#### [YOUR ASSIGNMENT]
Copy out exactly the stretch of the listing below that begins at the line containing "Delegates from BIMSTEC" and ends at the line containing "preserving both tangible", and copy nothing outside it.

#### [INPUT]

▼

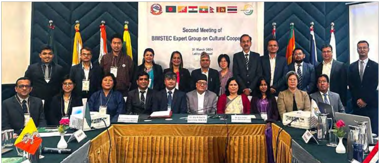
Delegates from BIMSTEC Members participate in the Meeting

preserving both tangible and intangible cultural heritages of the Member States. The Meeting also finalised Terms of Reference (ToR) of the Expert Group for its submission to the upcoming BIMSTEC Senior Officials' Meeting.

▲
▼

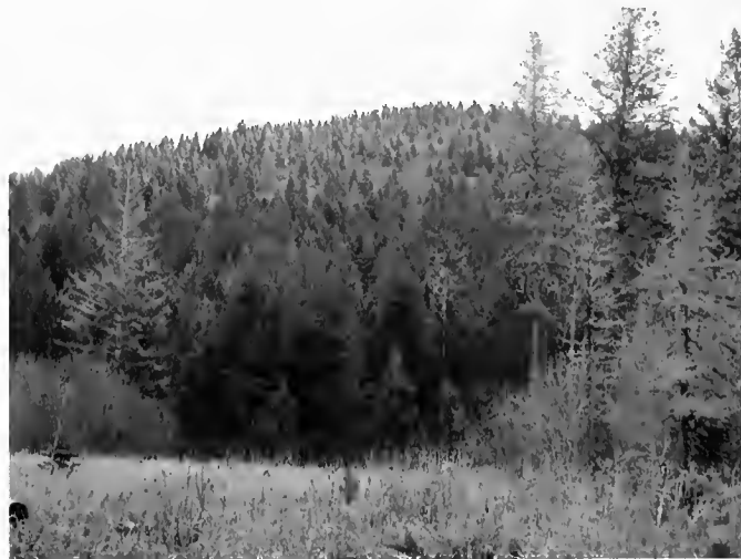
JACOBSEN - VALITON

▲

#### [ANSWER FOR THE TASK]
Delegates from BIMSTEC Members participate in the Meeting

preserving both tangible and intangible cultural heritages of the Member States. The Meeting also finalised Terms of Reference (ToR) of the Expert Group for its submission to the upcoming BIMSTEC Senior Officials' Meeting.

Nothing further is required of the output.